If you look at my URL, the web address to this blog is Adventures in New York, no spaces. I chose that name two years ago because I was going to be spending my summer in New York City and I wanted to share my exploits with those who cared to see, mostly a few in my family who wanted to stay up to date on my life. I posted once. I began blogging, truly, last November. The URL was pertinent then, because I was on this mission, fueled by a belief, to get to New York by the New Year. This did not happen. I’ve discussed much of the emotional turmoil and the spiritual wrestling with this in an earlier post and I will leave that there.

So, why is this important?

Today I started working at Starbucks again. 

You see, when I moved to New York for that Summer God miraculously provided me with a job at Starbucks, at a Starbucks, seven blocks from where I was staying. My adventures in New York were largely funded by and intermingled with the ‘bucks. I worked many hours while I was in the city and I used most of my off time to explore the city. When I moved back to Virginia I tried hard to be transferred to the local store in town to no avail. A year later I tried getting a job there again, this time completing the interview process and only being turned down because of a lack of hours. Opportunity opened up for this summer and I leaped at it. 

Needless to say, I was excited. I love working in the coffee industry. I love how Starbucks treats their employees, and most of all I love free coffee. These would have been sufficient today to make the job worth it, but there was something extra special. You see, because so much of my time in New York was spent inside a Starbucks, I heavily associate the company with the city and my fond memories of being there. Last night I felt like a little kid who couldn’t sleep because he was so excited for school. Then, this morning I woke up an hour early because of how elated I felt. Typing this out I realize how ridiculous this sounds, to be so excited to work in a corporate food service job. 

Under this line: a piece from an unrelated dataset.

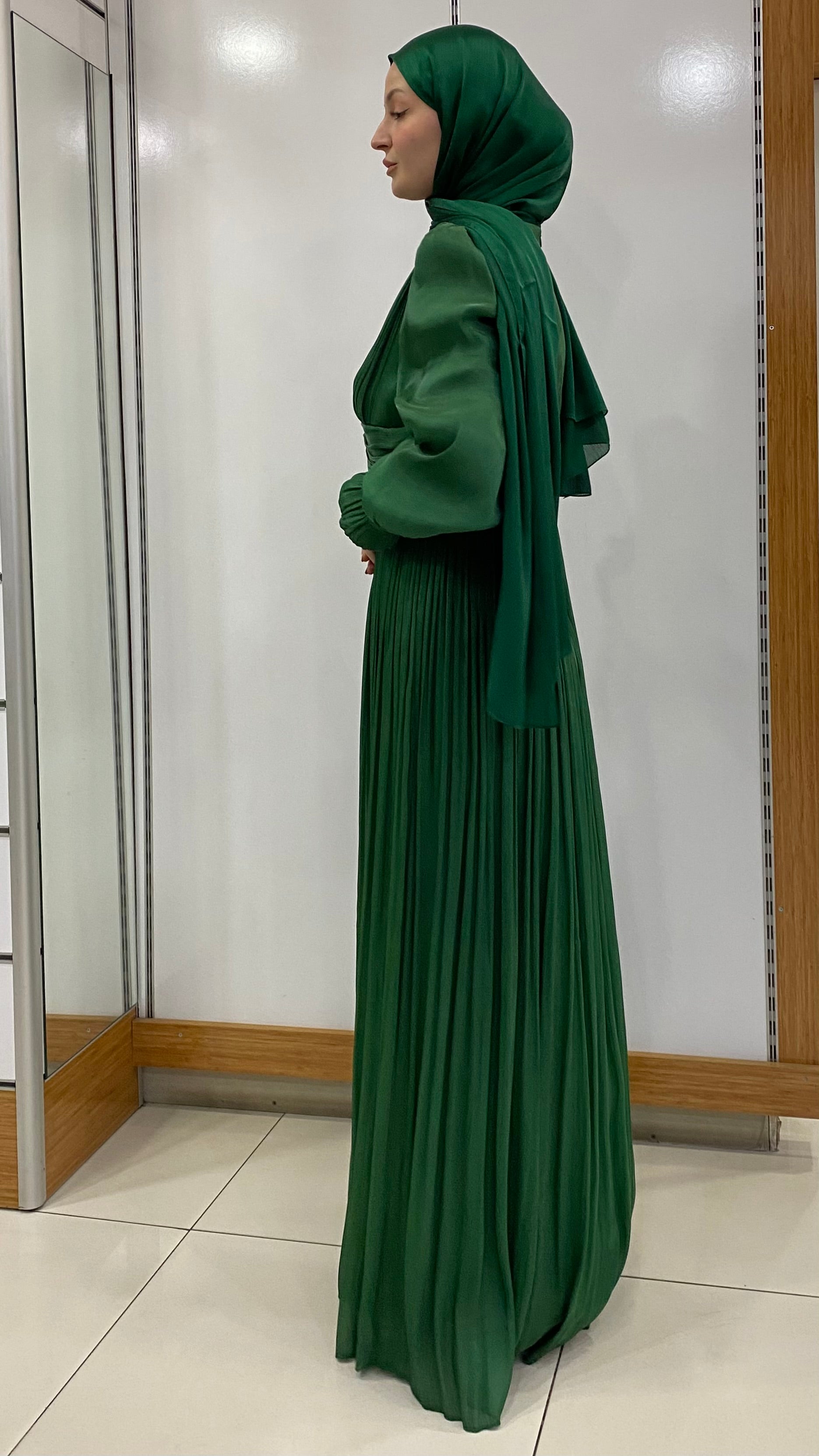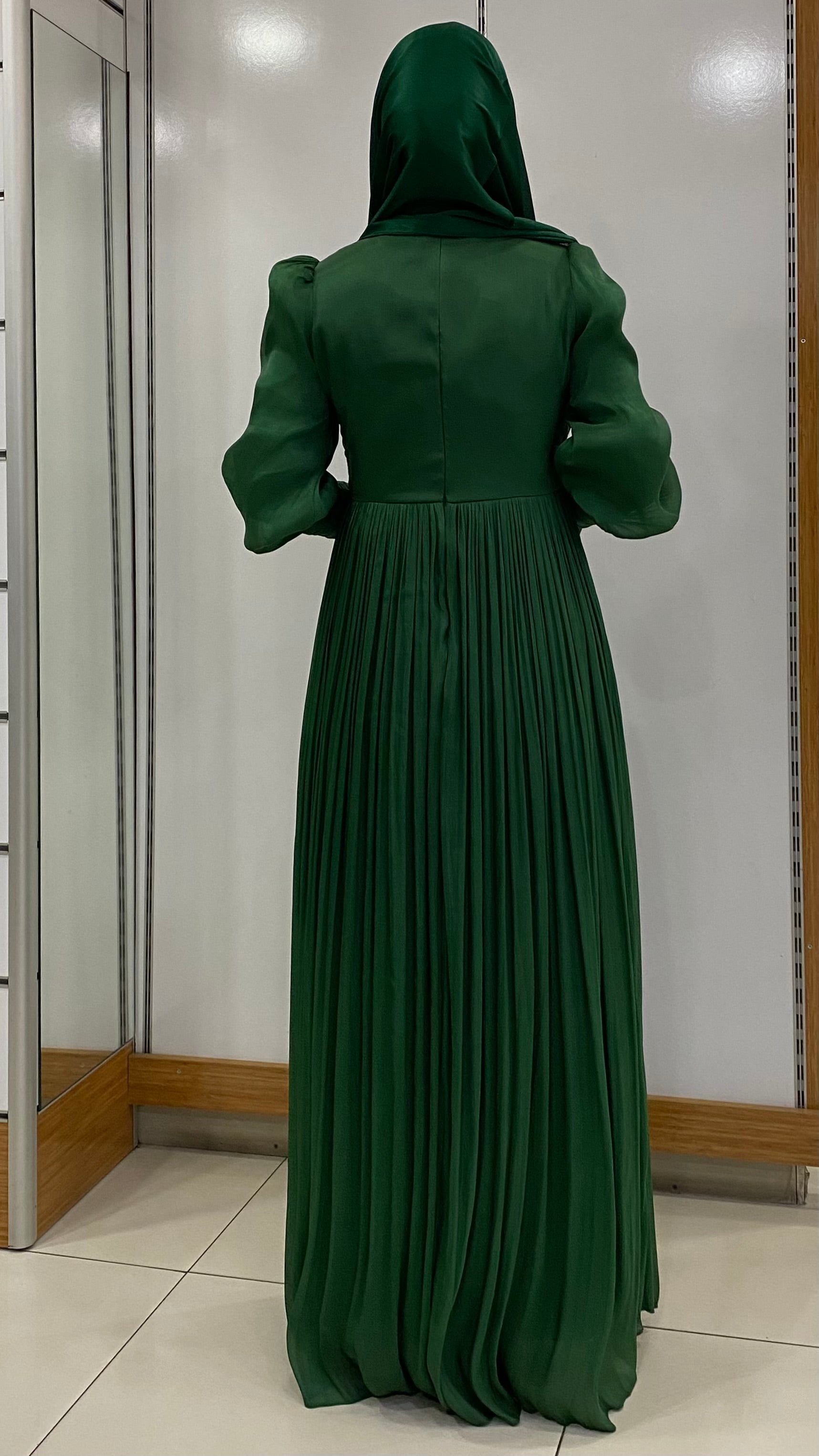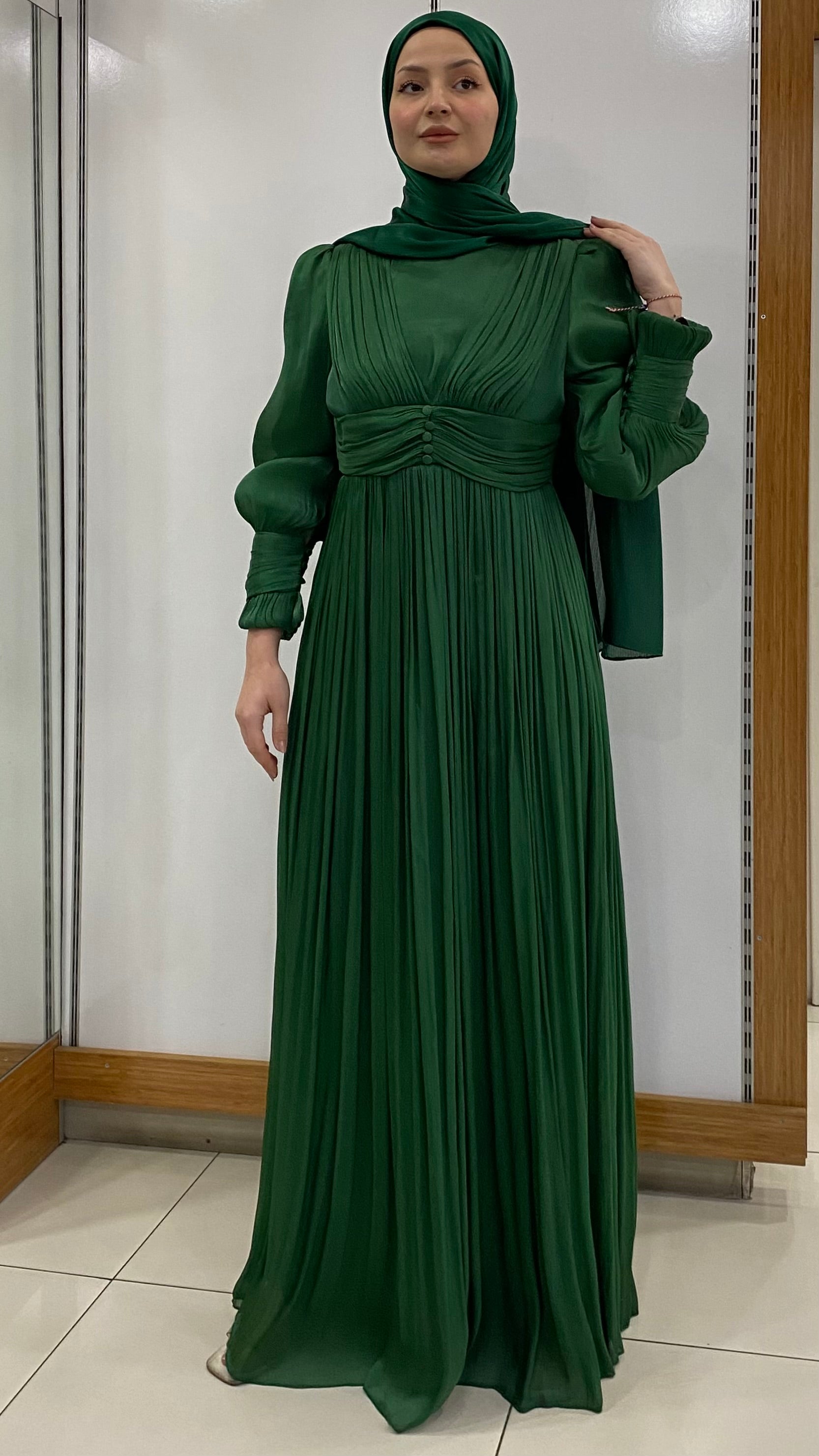 Önü Düğme Detaylı Kolu Manşetli Abiye Zümrüt Yeşili

I miss the city. I miss the lights. I miss Central Park, the Empire State Building and Battery Park. I miss Broadway. I was reminded how much when I watched a portion of the Tony’s last night. (When I lived in the city I watched the Tony’s in Times Square!). I miss the subway. I miss the neighborhood I lived in and the ones I wandered. Right now I am not sure where exactly life will take me, a lot seems uncertain and I don’t know if I will ever live in the city again, I sure hope I do, but in the mean time I will remember fondly the memories and appreciate the little things that remind me of that wonderful adventure. 

Life truly is an awfully big adventure and I am grateful for all that I have experienced and lived through. A part of me will always stay in the city, but for now I forage on towards the next leg of the journey that God has in store.